**Work task**
The required lines are those that contain "step"; pull them out of the data and copy them.

******

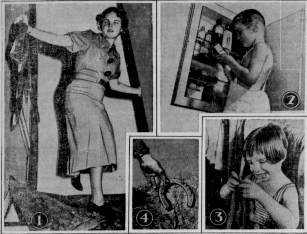
1. Loose rug at top of stairs is a dangerous hazard. 2. Keep medicine cabinets locked or out of reach of youngsters. 3. Teach children not to put safety pins or other small objects in their mouths. 4. Good luck if you hang it up, but bad luck if you step on the nails in this horseshoe.

DURING the month of October, the American Red Cross will carry a safety message into ten million homes and farms throughout the nation, urging a check-up on accident hazards. Do you know these hazards? How safe are you at home? Do you know that deaths from injuries on the farm are steadily increasing? What are the causes? These are a few of the questions the Home and Farm Accident Prevention Service of the Red Cross will send into homes, on an accident check list to be distrib-
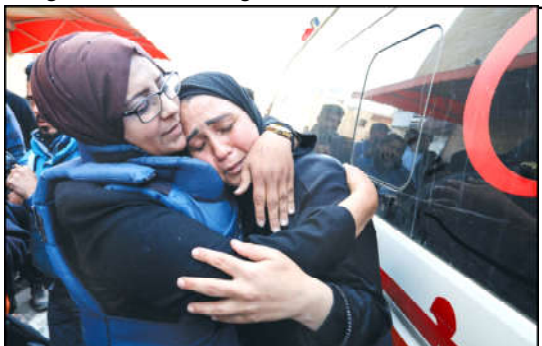
A member of the press consoles a woman outside Al-Aqsa hospital in Deir el-Balah.

Visibly angry, Putin suggested Western politicians recall the fate of those like Nazi Germany's Adolf Hitler and France's Napoleon Bonaparte who had unsuccessfully invaded Russia in the past.
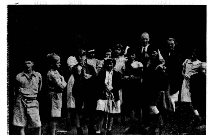
GROUP TAKEN AT KANDERSTEG.

At Berne station, where the train stopped for 10 minutes we met our first Swiss friends, mostly relatives of our children. One friend surprised us with a huge pot of jam.
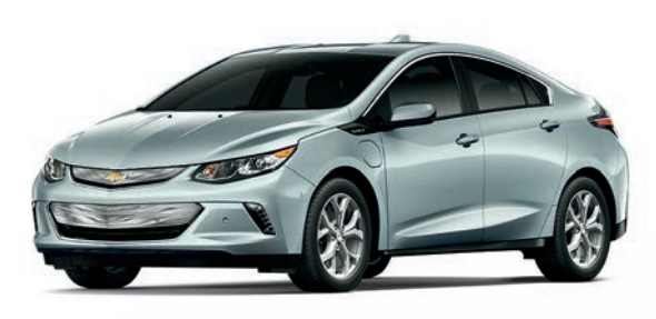
GREEN MIST METALLIC<sup>3</sup>
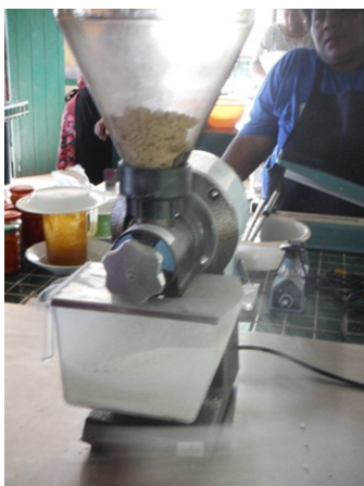
Dried chips into breadfruit flour
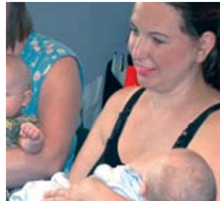
Through support groups, encouragement, and education, more than 64% of WIC mothers in Medina County are choosing to initially breastfeed their newborn babies.
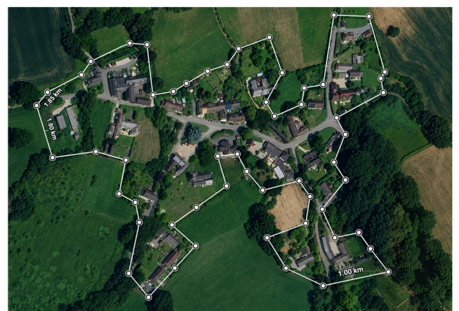
Figure 2 2.0 km fibre ring serving individual properties around Gittisham.
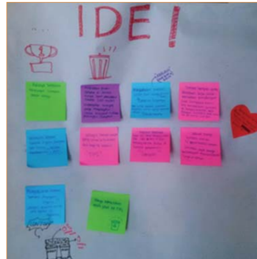
Different approaches of the Reframe phase
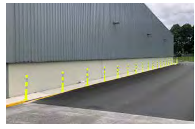
Ultraflex Delineators are ideal for busy areas as they can take multiple hits and return to their original shape.
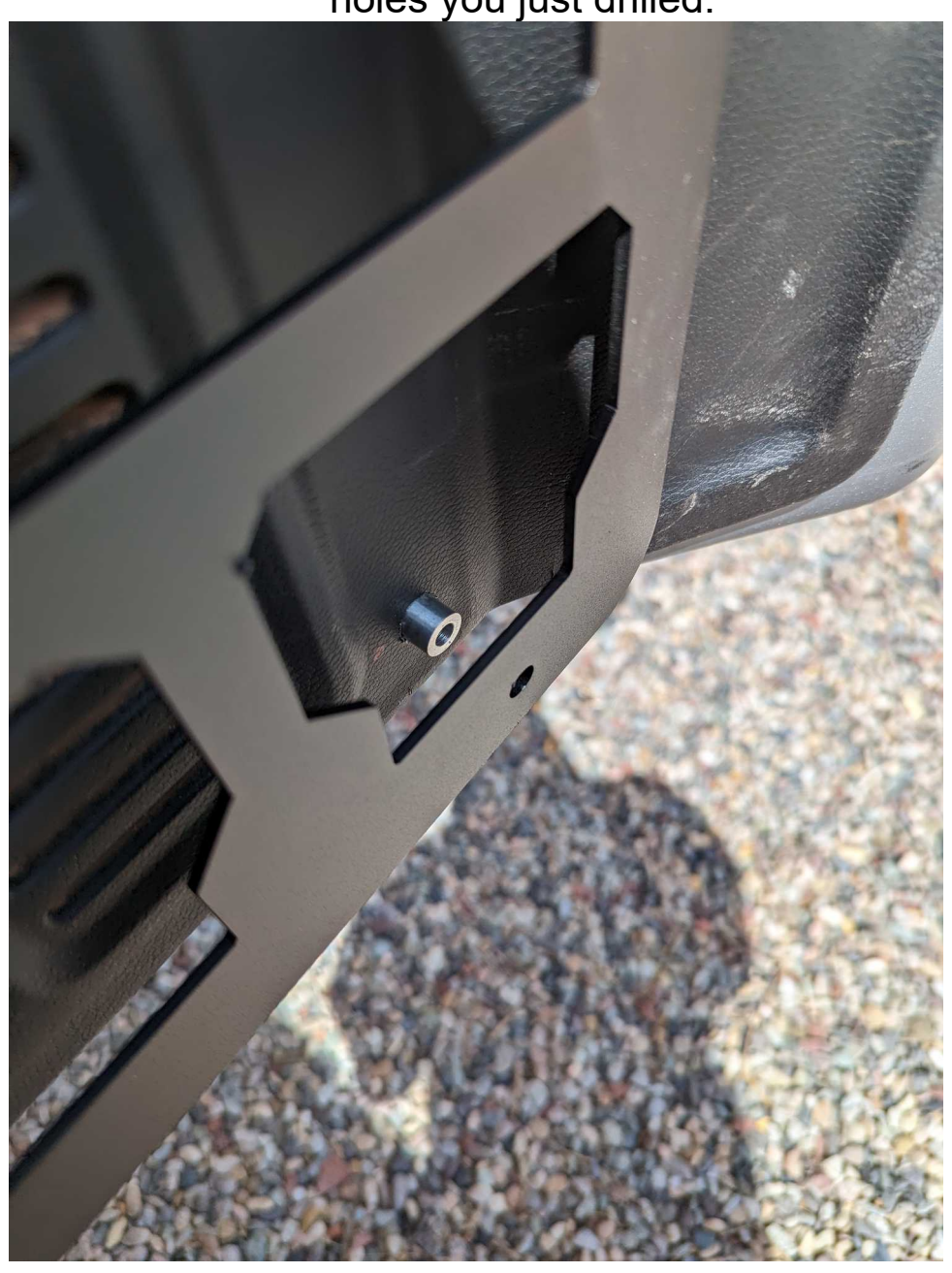
7. Repeat step 4.

******

**Result**
1. Loose rug at top of stairs is a dangerous hazard. 2. Keep medicine cabinets locked or out of reach of youngsters. 3. Teach children not to put safety pins or other small objects in their mouths. 4. Good luck if you hang it up, but bad luck if you step on the nails in this horseshoe.
7. Repeat step 4.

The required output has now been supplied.